Monday, 6 January 2014

The family farm 2014

The International Year of Family Farming 2014 is an initiative promoted by the World Rural Forum and supported by over 360 civil and farmers' organisations on 5 continents. The I.Y.F.F. was declared by the Food and Agriculture Organisation of the United Nations to highlight the enormous role that family farms play in the world's food production, and to promote the sustainable and environmentally friendly development of the over 500 million family farms throughout the world.
A family farm encompasses familial groups, indigenous clusters and neighbourhood co-operatives, whether they are involved in farming crops, livestock or marine creatures.
The I.Y.F.F. aims to raise the profile of family and small-scale farming by focusing world attention on its significant role in eradicating hunger and poverty, providing food security and nutrition, improving livelihoods, managing natural resources, protecting the environment, and achieving sustainable development, particularly in rural areas. Through local knowledge and sustainable, innovative farming methods family farmers can improve yields and create more nutrient-dense and diverse food systems.

In both developing and developed countries, family farming is the predominant form of agriculture in the food production sector. The world's family farmers produce 80% of the food consumed in the developing world, and produce the food that feeds billions of people.
There are a number of factors essential to the successful development of family farming: agro-ecological conditions, access to markets, access to land & natural resources, access to technology & extension services, access to financial, demographic, economic & sociocultural conditions.

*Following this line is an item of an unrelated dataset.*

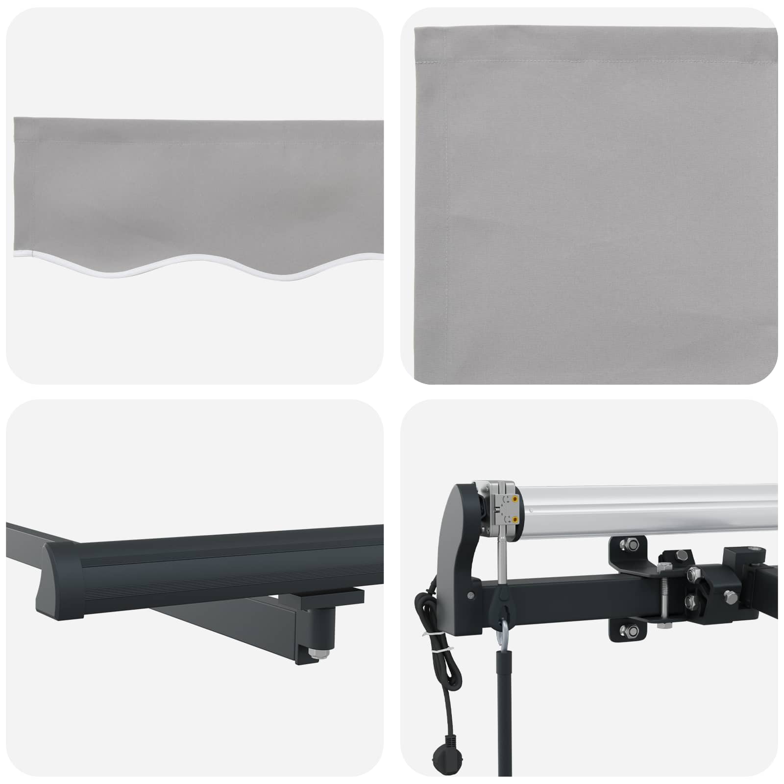 • Složení materiálu: Vyrobená z odolné tkaniny a hliníku, tahle markýza je spolehlivá a stabilní. Tkanina odolává UV záření, vodě a blednutí, což ji dělá ideální pro dlouhodobé venkovní užívání. Hliníkový rám s tkaninou zajišťuje, že markýza vydrží i v extrémních podmínkách.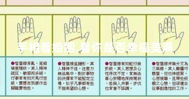 手相看婚姻,看你是否美满幸福呢?如果是,那么祝福你,或许你有这先天给予的优势,如果不是也不要害怕,相信爱情,相信婚姻。美满幸福的婚姻更多的是需要彼此不断的磨合出来的,需要经营出来的。当然看手相的目的是为了知天命,及时拥有不好的手相也不要惊慌,后天调理也很重要,可请相术老师

Family farming has an important socioeconomic, environmental and cultural role:
  • family and small-scale farms are inextricably linked to world food security
  • family farms preserve traditional food products, while contributing to a balanced diet and safeguarding the world's agro-biodiversity and the sustainable use of natural resources
  • family farming represents an opportunity to boost local economies, especially when combined with specific policies aimed at social protection and well-being of communities
Family farmers aren't just food producers - they're business women and men, they're teachers in their communities, they're innovators & inventors, and they're stewards of the land. They provide the ecosystem services that benefit us all.
Thoughout this region there has been a proud tradition of family farms being the backbone of agriculture and an essential element of the history of land settlement, so spare a thought for our farmers now and then.

Monday, 17 December 2012

The farming year



As 2012 draws to a conclusion, we can look back on the 'National Year of Reading', and the 'Australian Year of the Farmer'.

The Year of the Farmer was a year-long celebration of the vital role that farmers play in feeding, clothing and providing building materials to house us all.

From small family farms handed down over generations, to our largest agribusinesses, farming is inherent to the Australian way of life.

McCormick-Deering W-6 tractor
Australian Year of the Farmer served to remind us all, from both rural and urban centres, of the critical role of farming in Australia. Agriculture has made and continues to make a significant contribution to our economy and prosperity.
Bullock team carting a load of wool bales
Farms and farmers are vitally import to our rural communities, indeed to our national economy and social fabric. There are approximately 134,000 farm businesses in Australia, 99% are family owned and operated. Each Australian farmer produces enough food to feed 600 people.
And as the grain harvest ramps up it is worth reflecting on some the technological innovations and changes seen on the rural landscape, and how important it is to record and document the local history of the land.
McCormick International 403 combine harvester
So keep those shoe-boxes of old photos, add any information concerning who, where & when on the back, visit an agricultural museum, check out old sheds and barns, and listen to & record the stories & tales of old farmers - all before it's too late.